Forget you, Mrs.Blume.

"Locked me in a cardboard box a la Matilda on a weekly basis, kept me in every recess, screamed at me every day in front of the class, calling me stupid and yelling at the rest of the class not to act like me."

"I had add and was suicidal at the time, and was already socially ostracized because I was much poorer than most of my peers. I was 8. Forget you, Mrs.Blume. You're the reason why every time I see a 'teachers are the best human's stuff it makes me want to punch a wall. I hope you get stomach cancer and die alone and scared."

EmergencyLychee

"sun people and moon people" 

"My 1st grade teacher was extremely racist. She practiced something called 'sun people and moon people' that she read in some book. She made half the class sun people and half the class moon people. The sun people consisted of all the African American kids in the class and some of the white females."

"The rest of the class were the moon people. The sun people got to have privileges like extended recess, bathroom breaks, were not required to pick up after themselves, and were treated with respect."

"The moon people had to come in early from recess and 'tidy up' the classroom, were not allowed bathroom breaks, and were treated very poorly. I remember one day a boy had an accident (because he wasn't allowed to use the bathroom all day) and she completely lost it. I remember her screaming, 'Uh-uh. You are not going to pee on my floor! You are disgusting! Moon people, clean this pee off my floor.' And she made all us 'moon kids' get on the floor with spray cleaner and paper towels and clean the floor.
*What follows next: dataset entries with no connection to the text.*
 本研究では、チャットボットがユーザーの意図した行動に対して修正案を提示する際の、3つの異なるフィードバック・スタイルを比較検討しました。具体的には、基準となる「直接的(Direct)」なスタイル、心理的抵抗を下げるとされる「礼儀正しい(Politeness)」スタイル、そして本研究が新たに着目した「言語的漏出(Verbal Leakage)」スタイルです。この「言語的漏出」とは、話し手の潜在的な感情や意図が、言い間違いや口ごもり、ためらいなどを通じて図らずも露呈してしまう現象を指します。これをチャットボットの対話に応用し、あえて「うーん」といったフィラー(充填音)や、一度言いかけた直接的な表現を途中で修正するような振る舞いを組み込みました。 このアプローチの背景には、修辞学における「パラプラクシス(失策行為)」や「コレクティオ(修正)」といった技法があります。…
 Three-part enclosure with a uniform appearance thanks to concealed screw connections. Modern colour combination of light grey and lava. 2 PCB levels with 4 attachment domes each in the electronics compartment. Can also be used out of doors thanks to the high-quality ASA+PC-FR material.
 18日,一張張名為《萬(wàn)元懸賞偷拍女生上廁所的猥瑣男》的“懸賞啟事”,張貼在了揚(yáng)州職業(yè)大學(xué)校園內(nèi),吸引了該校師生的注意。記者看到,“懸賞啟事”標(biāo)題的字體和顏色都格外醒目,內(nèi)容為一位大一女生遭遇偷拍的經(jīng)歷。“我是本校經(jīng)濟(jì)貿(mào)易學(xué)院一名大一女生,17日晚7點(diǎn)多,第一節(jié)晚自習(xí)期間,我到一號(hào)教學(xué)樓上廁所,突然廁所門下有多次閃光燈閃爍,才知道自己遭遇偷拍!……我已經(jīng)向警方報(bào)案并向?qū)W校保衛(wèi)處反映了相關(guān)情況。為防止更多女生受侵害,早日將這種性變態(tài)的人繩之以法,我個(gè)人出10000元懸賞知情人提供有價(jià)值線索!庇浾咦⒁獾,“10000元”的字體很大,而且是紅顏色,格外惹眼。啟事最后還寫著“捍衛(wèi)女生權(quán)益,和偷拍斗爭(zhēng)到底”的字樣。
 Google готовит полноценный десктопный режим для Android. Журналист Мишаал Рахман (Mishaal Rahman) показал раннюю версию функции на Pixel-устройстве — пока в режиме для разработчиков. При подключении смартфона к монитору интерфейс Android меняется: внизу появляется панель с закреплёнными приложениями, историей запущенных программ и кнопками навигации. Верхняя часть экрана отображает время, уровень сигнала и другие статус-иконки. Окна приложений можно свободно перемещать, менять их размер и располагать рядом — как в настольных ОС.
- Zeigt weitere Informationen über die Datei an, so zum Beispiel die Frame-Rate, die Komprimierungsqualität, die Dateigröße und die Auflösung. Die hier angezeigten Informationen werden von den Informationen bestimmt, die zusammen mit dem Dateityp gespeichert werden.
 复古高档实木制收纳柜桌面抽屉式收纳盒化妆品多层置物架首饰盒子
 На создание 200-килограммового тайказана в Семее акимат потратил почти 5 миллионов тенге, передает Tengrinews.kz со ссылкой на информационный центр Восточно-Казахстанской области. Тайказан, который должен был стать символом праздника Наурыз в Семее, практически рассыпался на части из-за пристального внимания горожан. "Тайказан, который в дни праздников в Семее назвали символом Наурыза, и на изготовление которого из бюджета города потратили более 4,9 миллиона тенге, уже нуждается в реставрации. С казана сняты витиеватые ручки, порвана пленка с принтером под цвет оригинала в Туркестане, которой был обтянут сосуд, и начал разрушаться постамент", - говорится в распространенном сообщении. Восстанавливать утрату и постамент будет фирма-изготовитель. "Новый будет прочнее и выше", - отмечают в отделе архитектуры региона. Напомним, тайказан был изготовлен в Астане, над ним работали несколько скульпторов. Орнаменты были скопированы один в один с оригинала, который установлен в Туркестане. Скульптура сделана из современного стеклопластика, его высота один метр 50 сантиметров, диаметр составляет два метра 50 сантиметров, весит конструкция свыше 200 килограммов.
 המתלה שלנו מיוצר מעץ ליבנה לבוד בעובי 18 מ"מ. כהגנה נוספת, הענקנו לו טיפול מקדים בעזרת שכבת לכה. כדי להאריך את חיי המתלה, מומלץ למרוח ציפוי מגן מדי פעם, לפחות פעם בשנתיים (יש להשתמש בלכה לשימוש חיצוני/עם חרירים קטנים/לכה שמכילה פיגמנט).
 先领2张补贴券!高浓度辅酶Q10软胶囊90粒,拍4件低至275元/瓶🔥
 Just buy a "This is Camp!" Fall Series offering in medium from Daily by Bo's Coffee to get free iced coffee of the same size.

We had a new teacher the next day."

TalullahandHula33

Hands Off my Stuff....

"My early primary school English language teacher. She was generally rude to everyone, but she hated my guts especially because I spoke better English than her and she always marked me wrong for spelling words the British way instead of the American way, even though she knew they were still correct. She would confiscate my personal belongings for no reason and refuse to give them back."

"I still remember this one time I was fiddling with my collection of silly bandz (I had nearly fifty) under the desk, and after confiscating them, she refused to give them back to me because she'd, quote 'already mixed them in with all the other ones I've taken, and as I don't know which ones are yours, I won't be giving them back.'"
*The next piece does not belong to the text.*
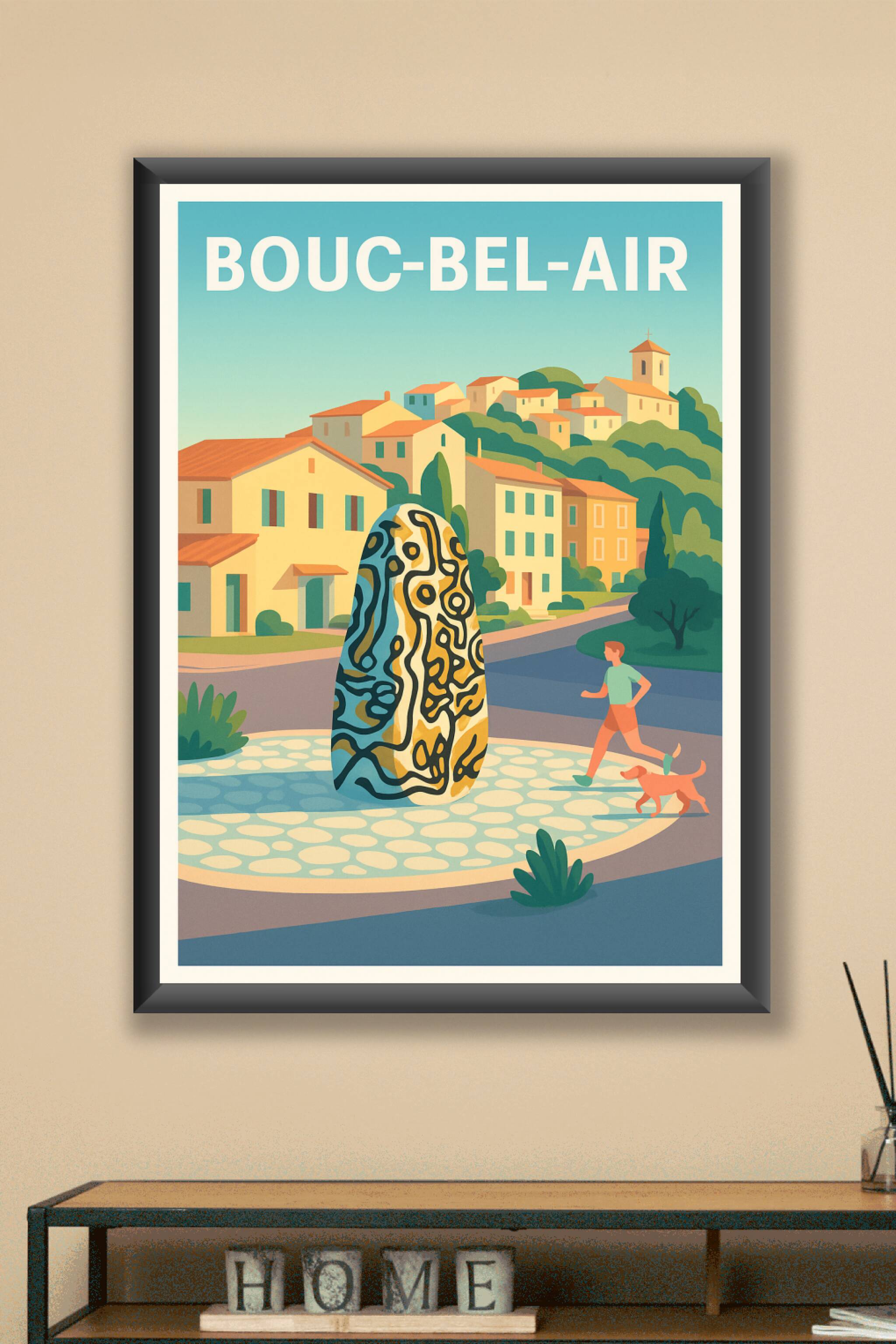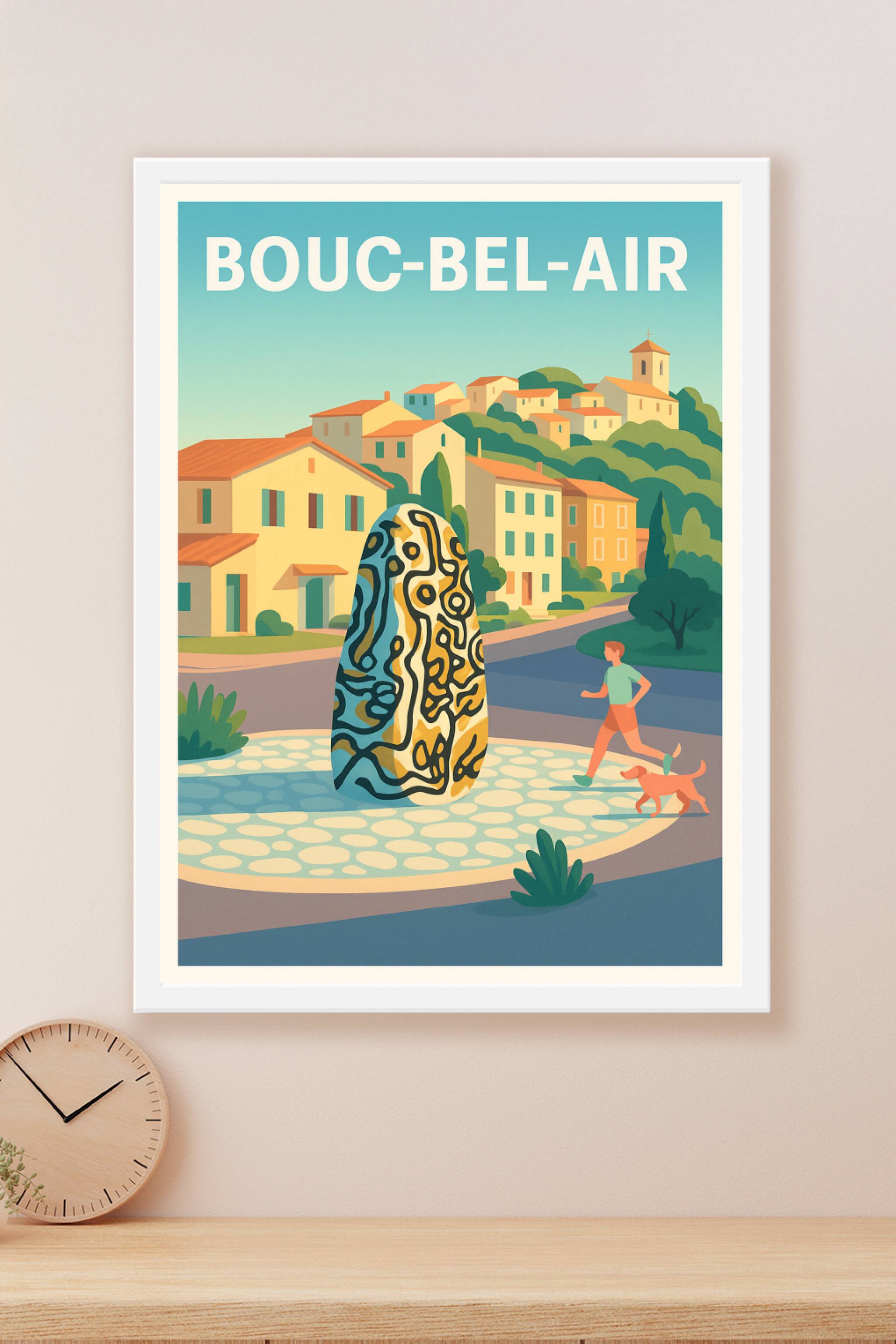 Découvrez la douceur de vivre de Bouc-Bel-Air à travers cette affiche illustrée mettant en scène un paysage typique et apaisant du village, avec se...

"This was said several days later after I'd still not gotten them back and my parents had gone up to confront her about it. My 8-year-old self was heartbroken. She was fired several years later."

QuirkyPheasant

Get to Therapy...

"7th grade; mans didn't understand the concept of 'this kid is seriously depressed, let him go to therapy halfway through class' he didn't think I was actually depressed because I was always smiling (fake smile) he would give me detentions without my knowledge while i was at therapy, and refuse to give me the work/instruction that was said during half the class period that I was at therapy; he would give me Cs when I would actually make As. he would call me out/use me as examples (not the biggest fan of unwanted attention)."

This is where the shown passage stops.